§ What you need to do: Below are records with pictures in them. Output exactly the lines from the one with "2、采用大托辊直径178mm,大托辊间距,上带面3m,下带面6m。" through the one with "Big nights from", both included, and leave every picture out; give only those lines.

§ Data extract:
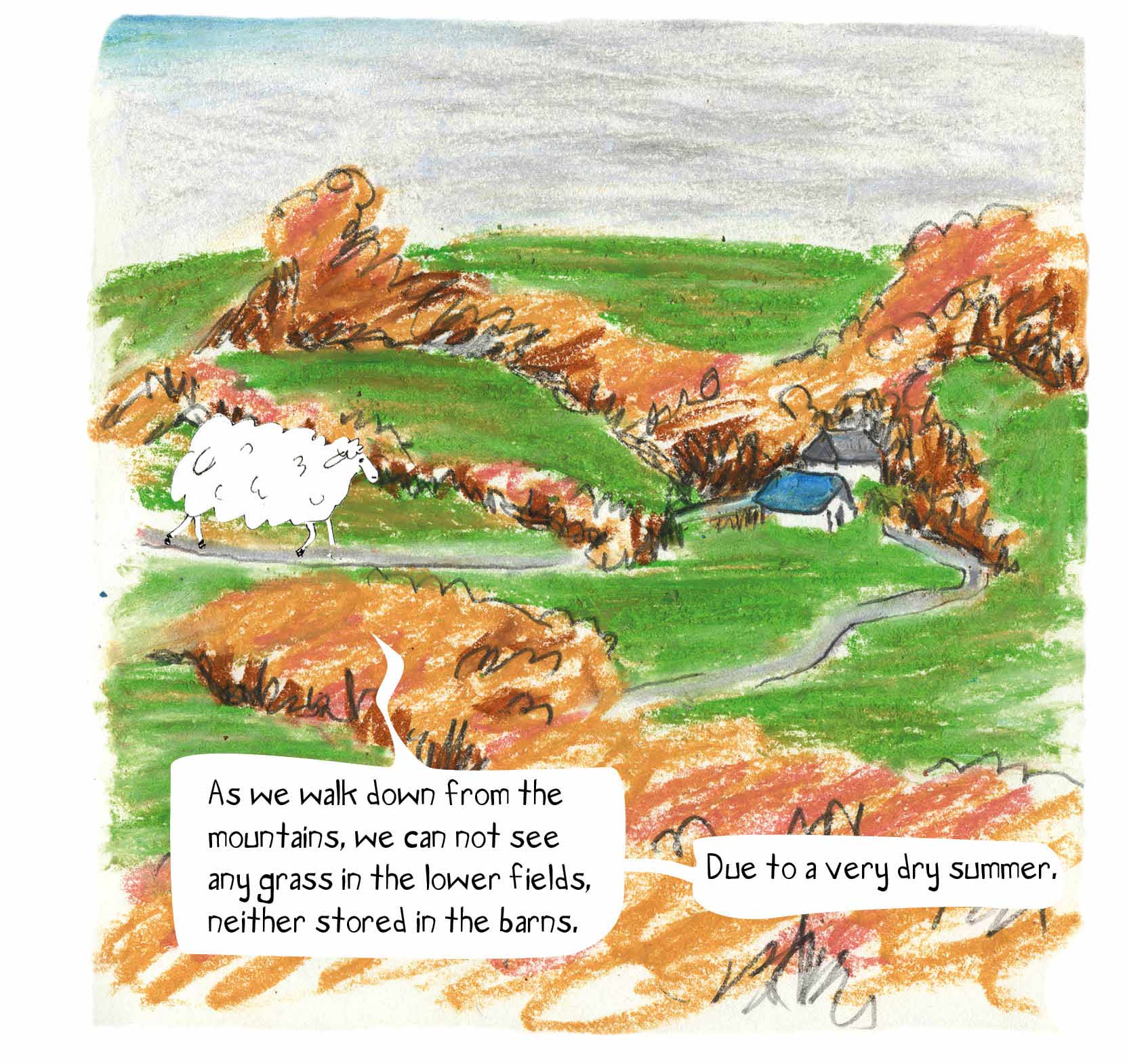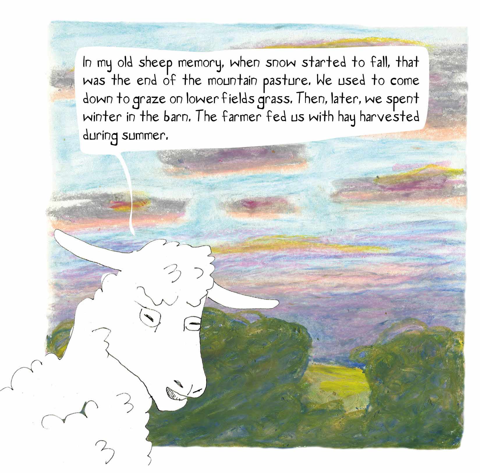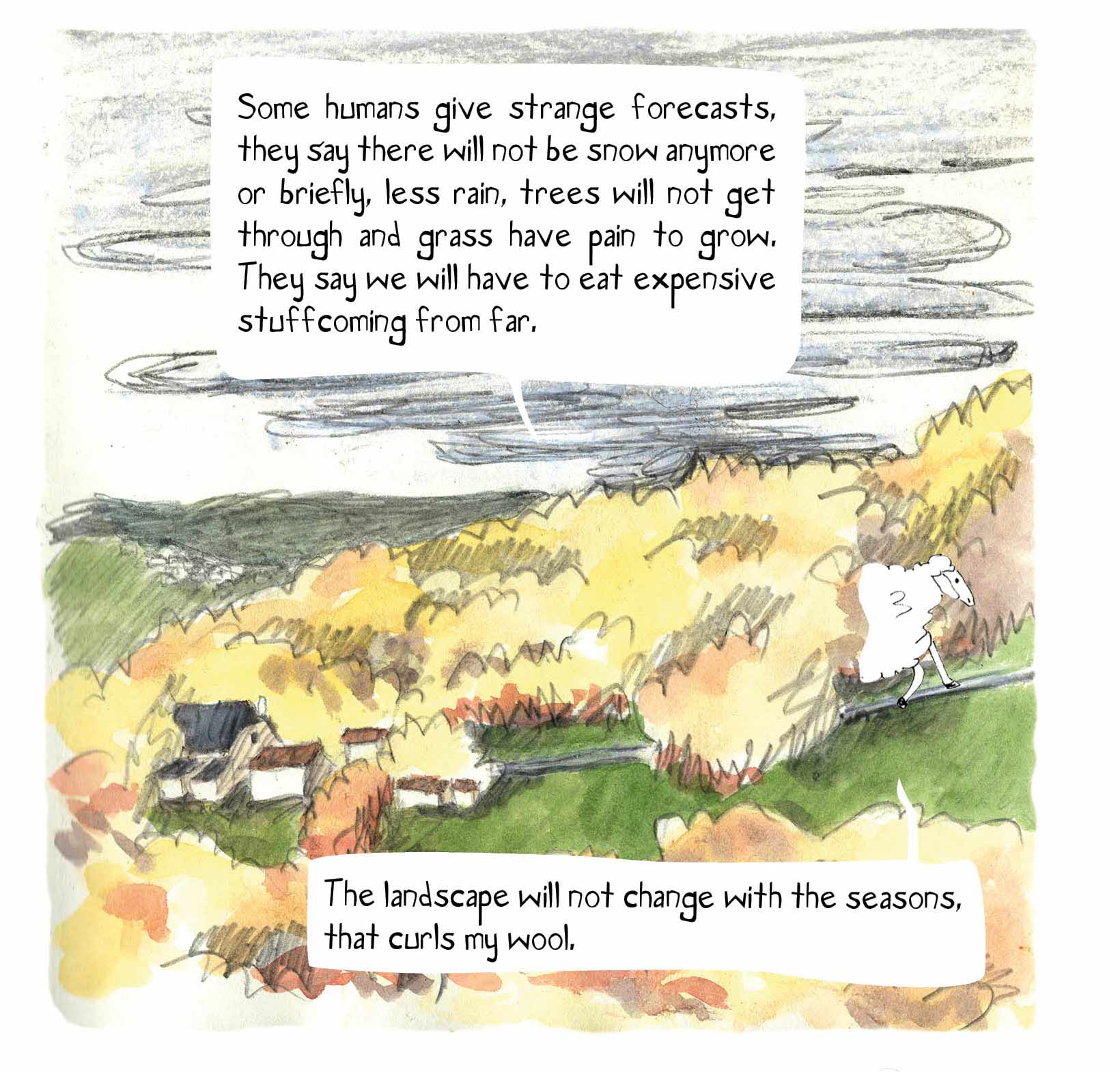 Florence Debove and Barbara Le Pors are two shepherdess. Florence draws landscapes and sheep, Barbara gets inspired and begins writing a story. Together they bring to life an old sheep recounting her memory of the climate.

--

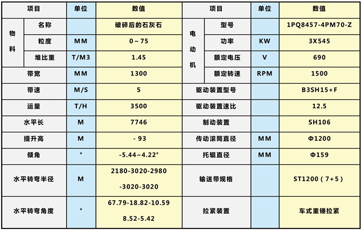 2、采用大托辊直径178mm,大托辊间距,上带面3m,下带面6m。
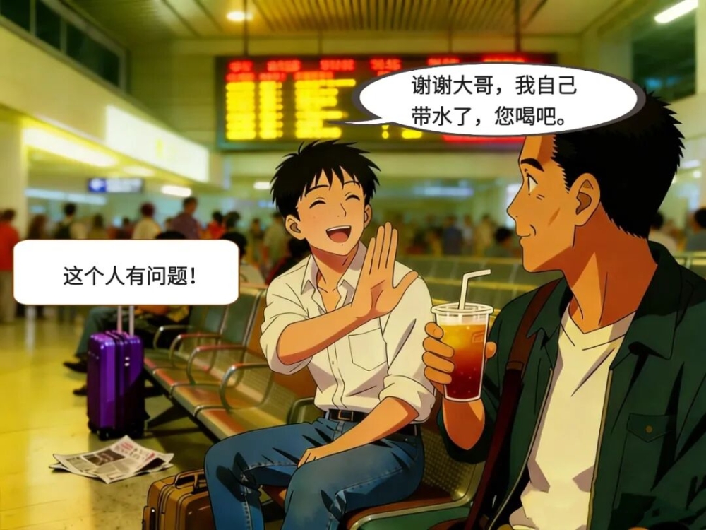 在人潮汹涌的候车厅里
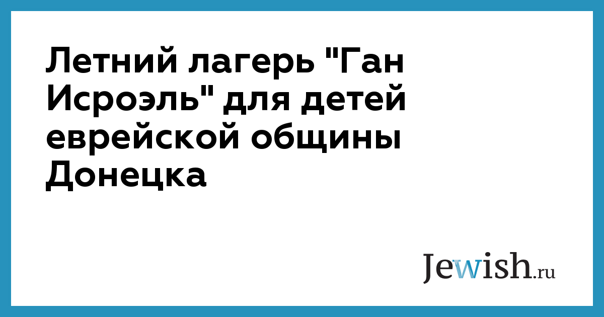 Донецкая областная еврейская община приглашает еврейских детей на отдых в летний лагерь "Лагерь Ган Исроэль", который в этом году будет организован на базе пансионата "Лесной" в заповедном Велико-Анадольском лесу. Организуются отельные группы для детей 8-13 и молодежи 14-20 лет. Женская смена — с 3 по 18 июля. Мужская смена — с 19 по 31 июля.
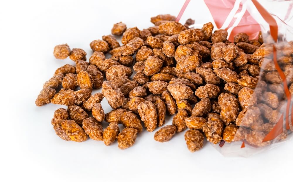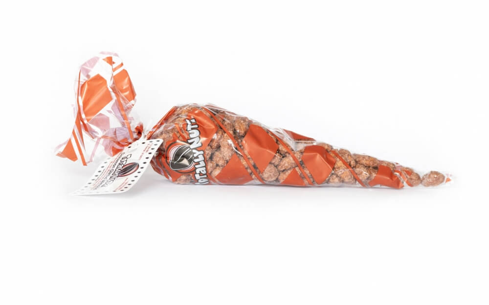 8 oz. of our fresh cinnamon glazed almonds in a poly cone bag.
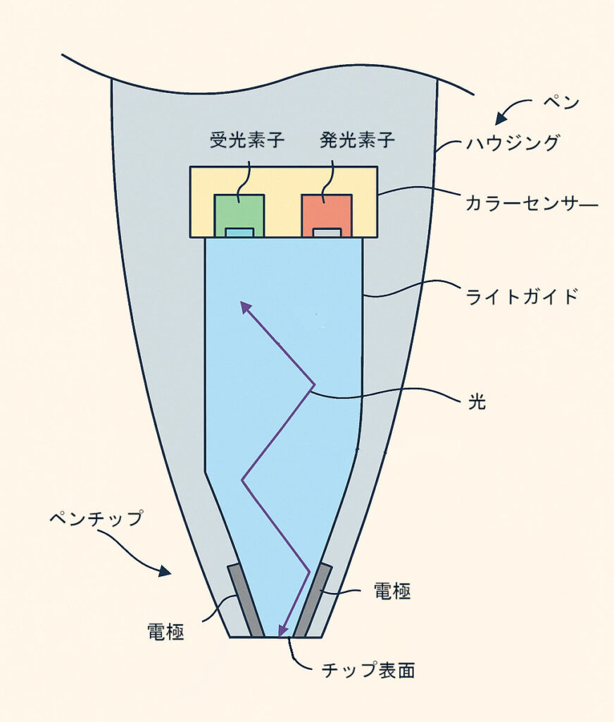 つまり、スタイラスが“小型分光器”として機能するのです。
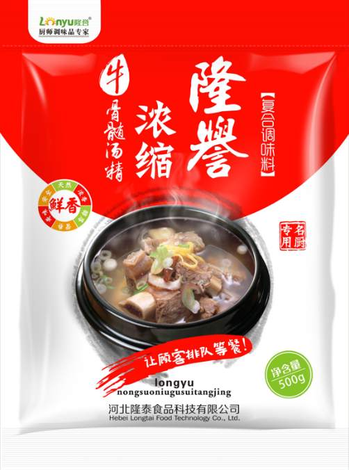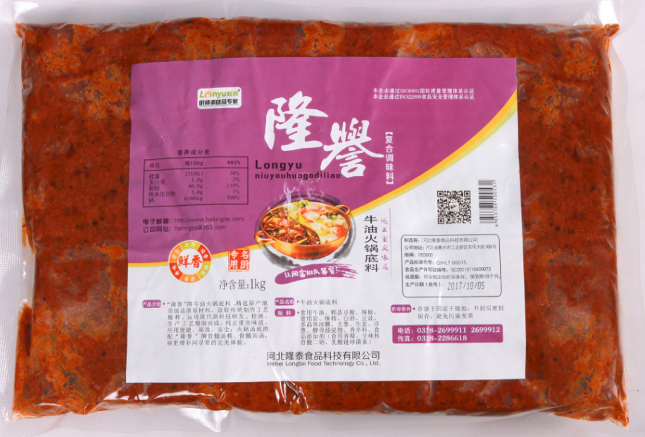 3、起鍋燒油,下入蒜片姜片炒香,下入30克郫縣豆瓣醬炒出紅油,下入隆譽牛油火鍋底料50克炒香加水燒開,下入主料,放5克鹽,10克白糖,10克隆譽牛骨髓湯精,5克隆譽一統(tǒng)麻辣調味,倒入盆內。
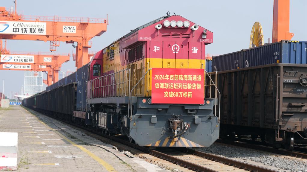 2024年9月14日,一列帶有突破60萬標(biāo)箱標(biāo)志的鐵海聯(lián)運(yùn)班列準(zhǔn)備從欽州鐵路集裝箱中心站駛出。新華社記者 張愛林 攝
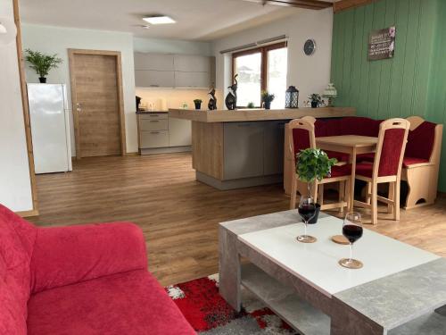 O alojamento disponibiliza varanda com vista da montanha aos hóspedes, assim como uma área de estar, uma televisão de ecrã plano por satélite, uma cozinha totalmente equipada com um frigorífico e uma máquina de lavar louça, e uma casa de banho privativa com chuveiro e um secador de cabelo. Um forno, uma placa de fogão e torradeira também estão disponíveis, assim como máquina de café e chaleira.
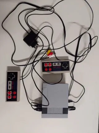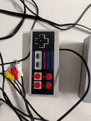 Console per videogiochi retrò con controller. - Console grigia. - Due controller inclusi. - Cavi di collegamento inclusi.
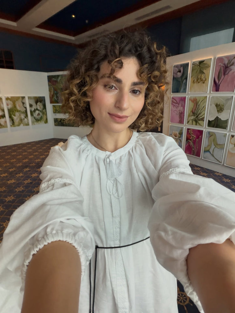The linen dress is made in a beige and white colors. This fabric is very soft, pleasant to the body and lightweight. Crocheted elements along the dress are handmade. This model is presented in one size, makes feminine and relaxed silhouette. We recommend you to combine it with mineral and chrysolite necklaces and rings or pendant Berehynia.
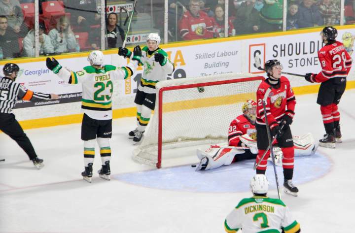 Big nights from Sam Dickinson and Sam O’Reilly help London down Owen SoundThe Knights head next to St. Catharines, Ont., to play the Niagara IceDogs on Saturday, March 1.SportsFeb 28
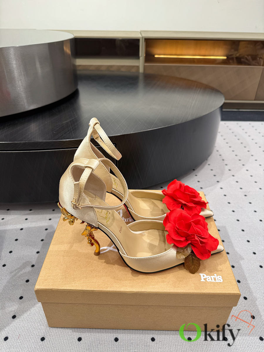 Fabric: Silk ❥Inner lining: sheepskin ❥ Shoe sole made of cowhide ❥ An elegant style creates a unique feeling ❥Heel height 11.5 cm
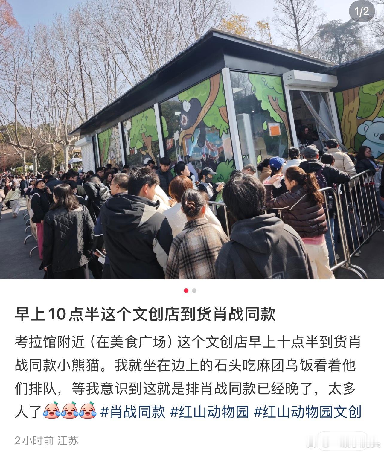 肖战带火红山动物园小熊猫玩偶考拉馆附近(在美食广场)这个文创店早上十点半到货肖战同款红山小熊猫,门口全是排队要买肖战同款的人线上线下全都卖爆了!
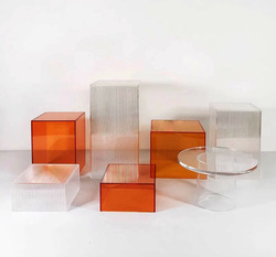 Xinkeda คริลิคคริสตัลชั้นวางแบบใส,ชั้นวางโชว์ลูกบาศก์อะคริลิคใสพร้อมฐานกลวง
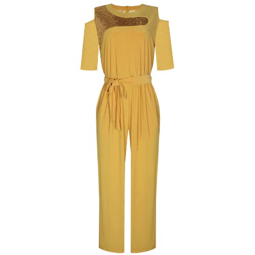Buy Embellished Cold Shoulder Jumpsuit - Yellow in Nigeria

§ Task answer:
 2、采用大托辊直径178mm,大托辊间距,上带面3m,下带面6m。
 在人潮汹涌的候车厅里
 Донецкая областная еврейская община приглашает еврейских детей на отдых в летний лагерь "Лагерь Ган Исроэль", который в этом году будет организован на базе пансионата "Лесной" в заповедном Велико-Анадольском лесу. Организуются отельные группы для детей 8-13 и молодежи 14-20 лет. Женская смена — с 3 по 18 июля. Мужская смена — с 19 по 31 июля.
 8 oz. of our fresh cinnamon glazed almonds in a poly cone bag.
 つまり、スタイラスが“小型分光器”として機能するのです。
 3、起鍋燒油,下入蒜片姜片炒香,下入30克郫縣豆瓣醬炒出紅油,下入隆譽牛油火鍋底料50克炒香加水燒開,下入主料,放5克鹽,10克白糖,10克隆譽牛骨髓湯精,5克隆譽一統(tǒng)麻辣調味,倒入盆內。
 2024年9月14日,一列帶有突破60萬標(biāo)箱標(biāo)志的鐵海聯(lián)運(yùn)班列準(zhǔn)備從欽州鐵路集裝箱中心站駛出。新華社記者 張愛林 攝
 O alojamento disponibiliza varanda com vista da montanha aos hóspedes, assim como uma área de estar, uma televisão de ecrã plano por satélite, uma cozinha totalmente equipada com um frigorífico e uma máquina de lavar louça, e uma casa de banho privativa com chuveiro e um secador de cabelo. Um forno, uma placa de fogão e torradeira também estão disponíveis, assim como máquina de café e chaleira.
 Console per videogiochi retrò con controller. - Console grigia. - Due controller inclusi. - Cavi di collegamento inclusi.
The linen dress is made in a beige and white colors. This fabric is very soft, pleasant to the body and lightweight. Crocheted elements along the dress are handmade. This model is presented in one size, makes feminine and relaxed silhouette. We recommend you to combine it with mineral and chrysolite necklaces and rings or pendant Berehynia.
 Big nights from Sam Dickinson and Sam O’Reilly help London down Owen SoundThe Knights head next to St. Catharines, Ont., to play the Niagara IceDogs on Saturday, March 1.SportsFeb 28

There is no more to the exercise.